Now Thunar is built on GLib, and the mechanism we have chosen to use to implement this is to store metadata using GFile attributes, using methods like g_file_set_attributes_async to store
keys with names such as "metadata::thunar-view-type". The per-directory feature can be turned on or off by the user via a checkbox in a preferences dialog. My knowledge of GIO and GLib is pretty limited, but I have now managed to get this all working as desired (you can see my merge request here if you are interested).
Now as I understand it, the functionality that I am using here relies on something called "GVfs metadata", and as I understand it this might not be available on all systems. On systems where GVfs metadata is not available, I want to turn this functionality off and in particular make the checkbox in the preferences dialog insensitive (i.e. greyed out). Thus I need to write a function to detect if gvfs metadata support is available, by which I mean whether I can use functions like g_file_set_attributes_async to successfully save metadata so that it will be available in future.
Thunar is written in C, so this function needs to be written in C using the C API for GLib, GIO, etc.
The function I have come up with (from much reading of API documentation, modifying code scraps I have found, and experimentation) is as follows.
gboolean
thunar_g_vfs_metadata_is_supported (void)
{
GDBusMessage *send, *reply;
GDBusConnection *conn;
GVariant *v1, *v2;
GError *error = NULL;
const gchar **service_names;
gboolean metadata_found;
/* connect to the session bus */
conn = g_bus_get_sync (G_BUS_TYPE_SESSION, NULL, &error);
/* check that the connection was opened sucessfully */
if (error != NULL)
{
g_error_free (error);
return FALSE;
}
/* create the message to send to list the available services */
send = g_dbus_message_new_method_call ("org.freedesktop.DBus",
"/org/freedesktop/DBus",
"org.freedesktop.DBus",
"ListNames");
/* send the message and wait for the reply */
reply = g_dbus_connection_send_message_with_reply_sync (conn, send, G_DBUS_SEND_MESSAGE_FLAGS_NONE,
-1, NULL, NULL, &error);
/* release the connection and the sent message */
g_object_unref (send);
g_object_unref (conn);
/* check if we got a sucessful reply */
if (error != NULL)
{
g_error_free (error);
return FALSE;
}
/* extract the GVariant with the array of strings describing the available services */
v1 = g_dbus_message_get_body (reply); /* v1 belongs to reply and must not be freed */
if (v1 == NULL || !g_variant_is_container (v1) || g_variant_n_children (v1) < 1)
{
g_object_unref (reply);
return FALSE;
}
v2 = g_variant_get_child_value (v1, 0);
g_object_unref (reply);
/* check that the GVariant we have been given does contain an array of strings */
if (!g_variant_is_of_type (v2, G_VARIANT_TYPE_STRING_ARRAY))
{
g_variant_unref (v2);
return FALSE;
}
/* search through the list of service names to see if gvfs metadata is present */
metadata_found = FALSE;
service_names = g_variant_get_strv (v2, NULL);
for (int i=0; service_names[i] != NULL; i++)

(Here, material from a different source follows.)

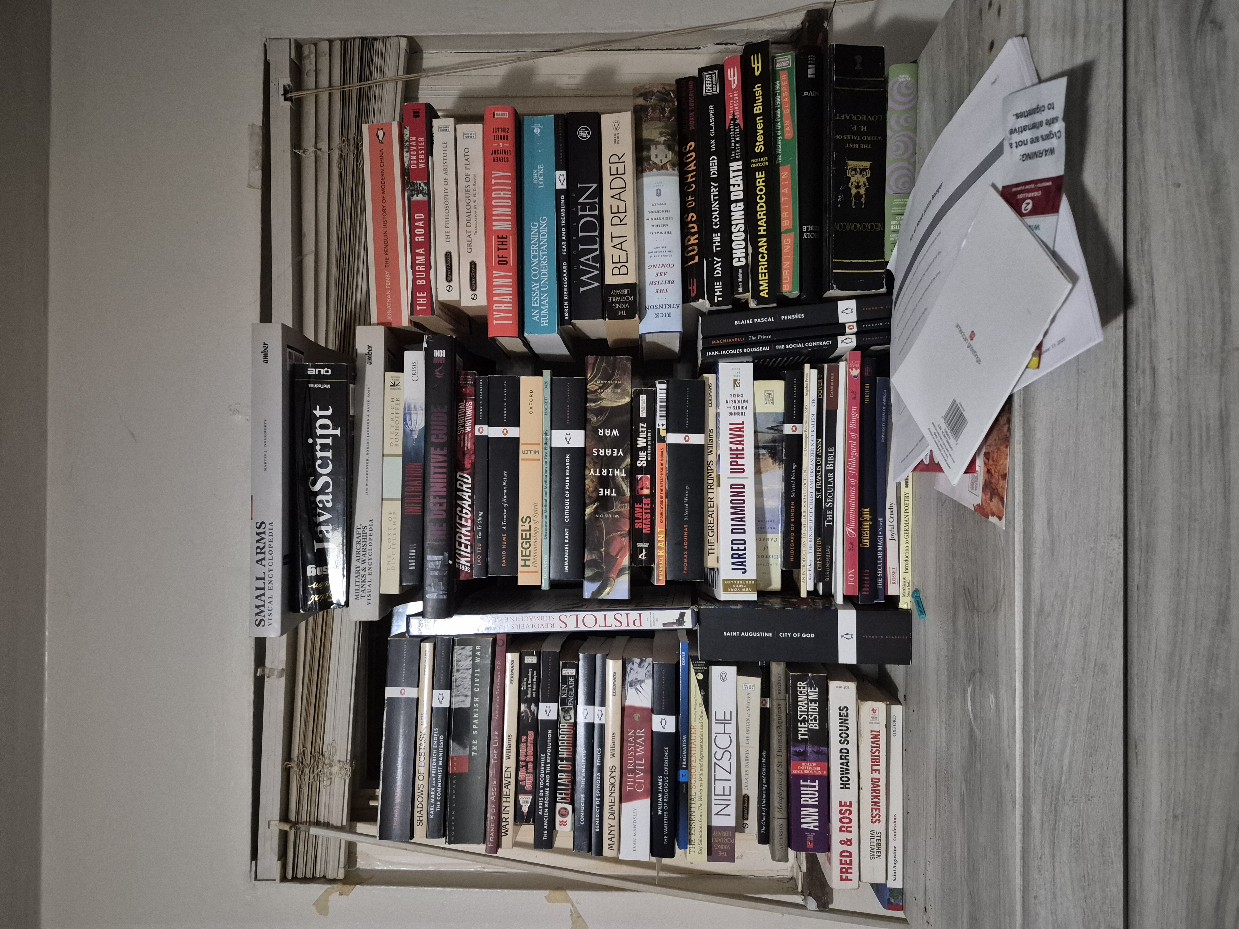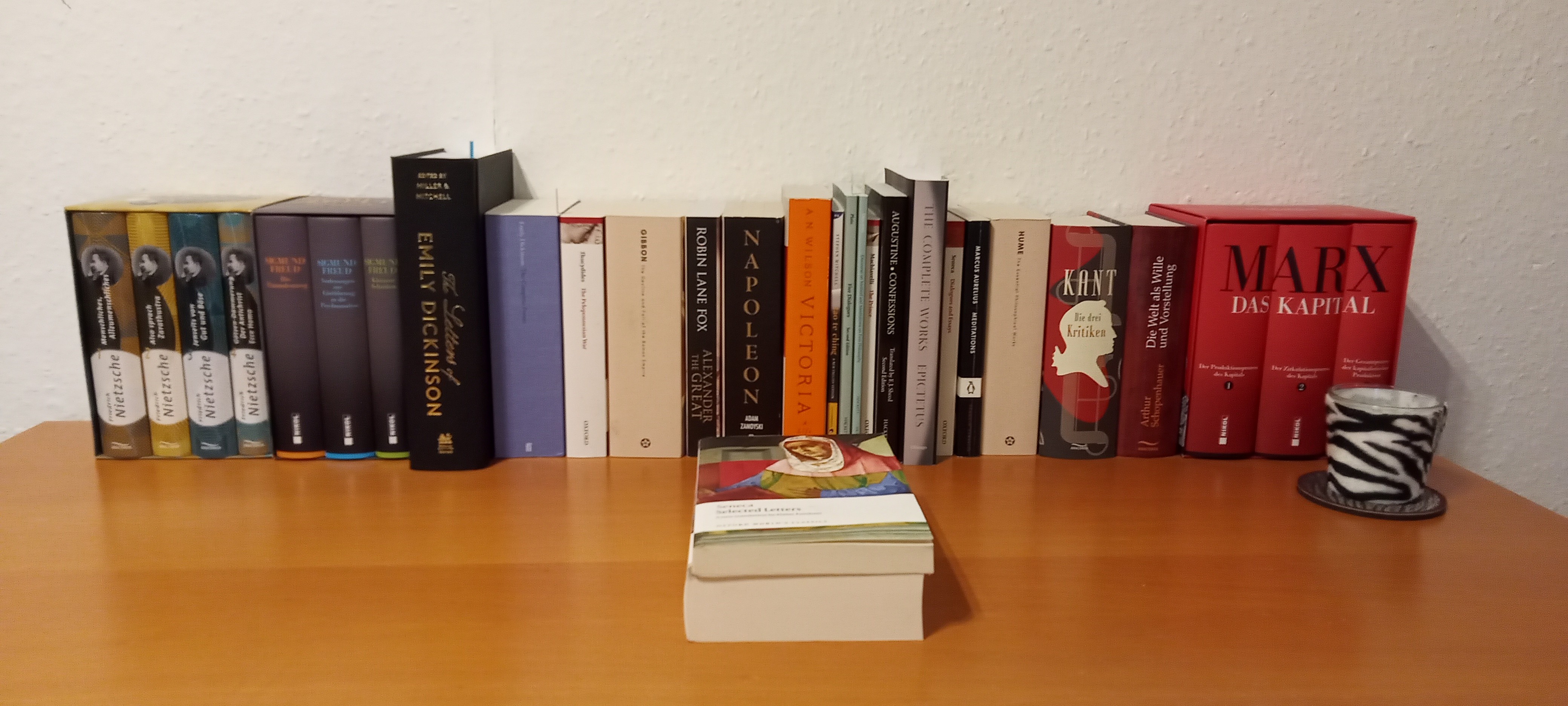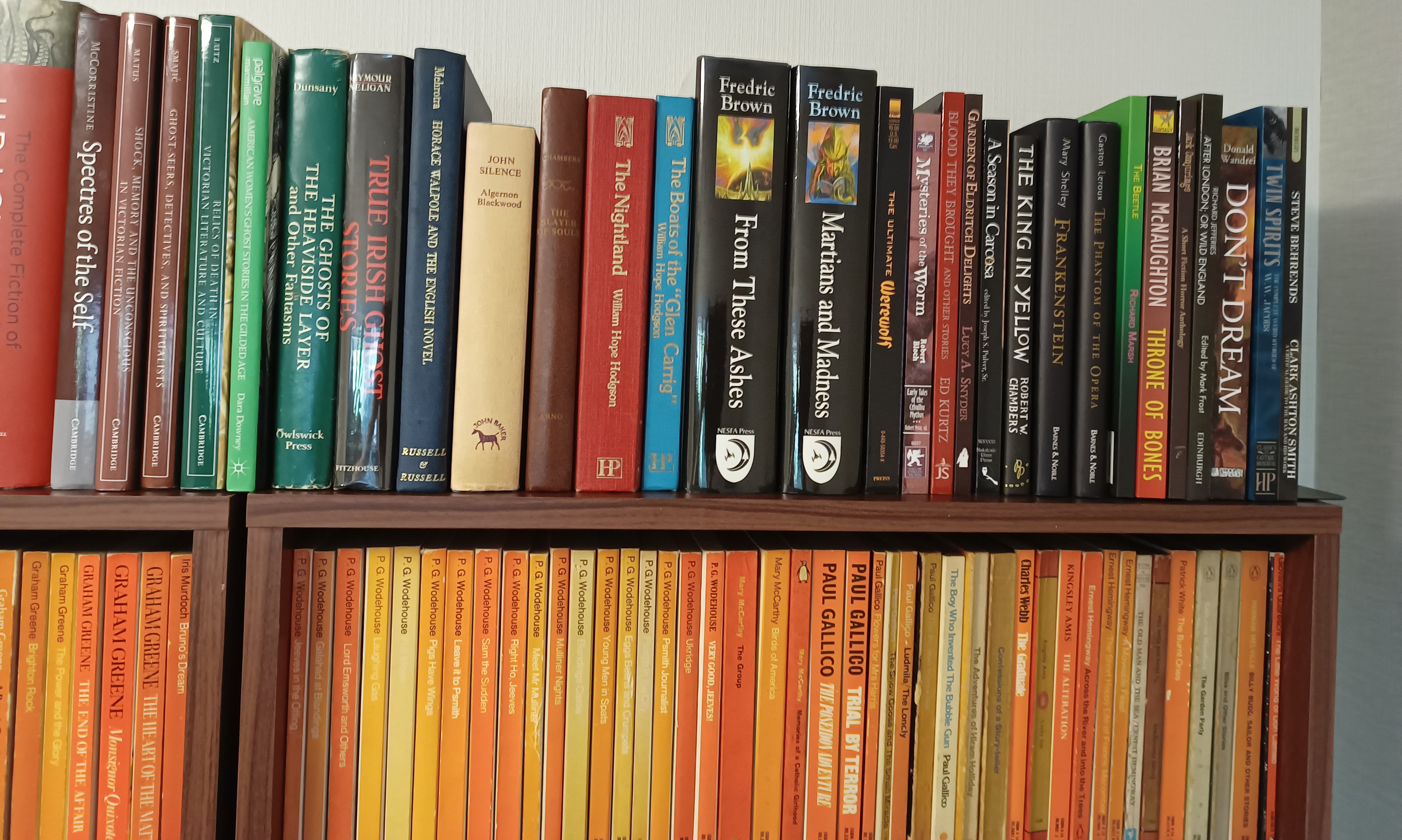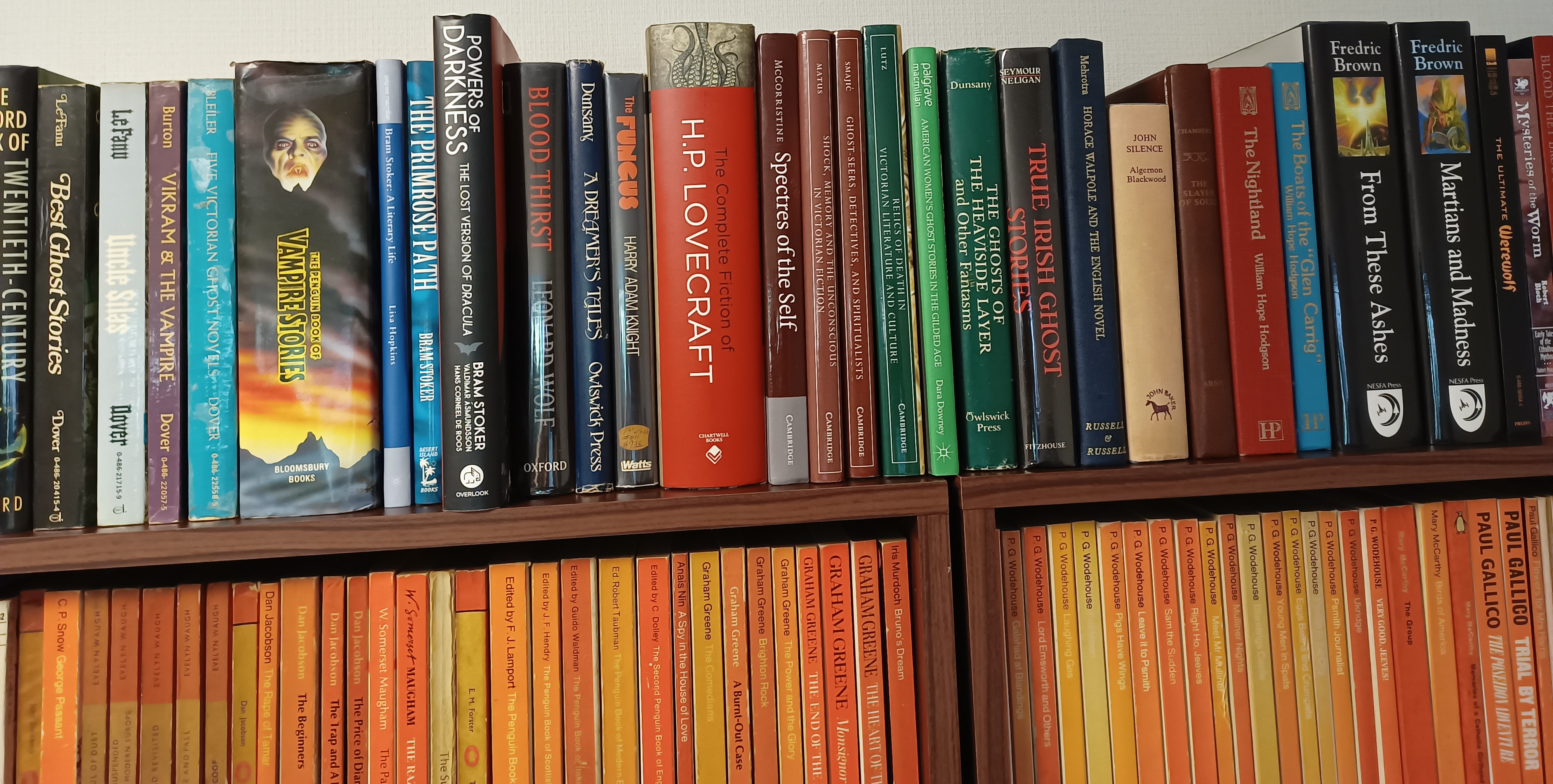 I would post a pic but my bookshelf only takes up half of one shelf. Most of the books I have read/ am reading are borrowed from my university library.

if (g_strcmp0 (service_names[i], "org.gtk.vfs.Metadata") == 0)
metadata_found = TRUE;
g_free (service_names);
g_variant_unref (v2);
return metadata_found;
}
As you can see, this function uses DBus to query service names to see if the necessary service is available. Now, as far as I have been able to test it, this function works as I want it to. However, during a code review it has been questioned whether this can be done without relying on DBus (which might itself not be available even though GVfs metadata is).
Thus (at last!) my question: what is the best (i.e. most robust and accurate) way to test for GVfs metadata support via the C API for GLib, GIO, etc?. As I said above, by "GVfs metadata support" I mean "can I use functions like g_file_set_attributes_async to successfully save metadata so that it will be available in future?".
One method I have considered is looking at the list of running processes for the name "gvfsd-metadata", but that seems a bit kludgy to me.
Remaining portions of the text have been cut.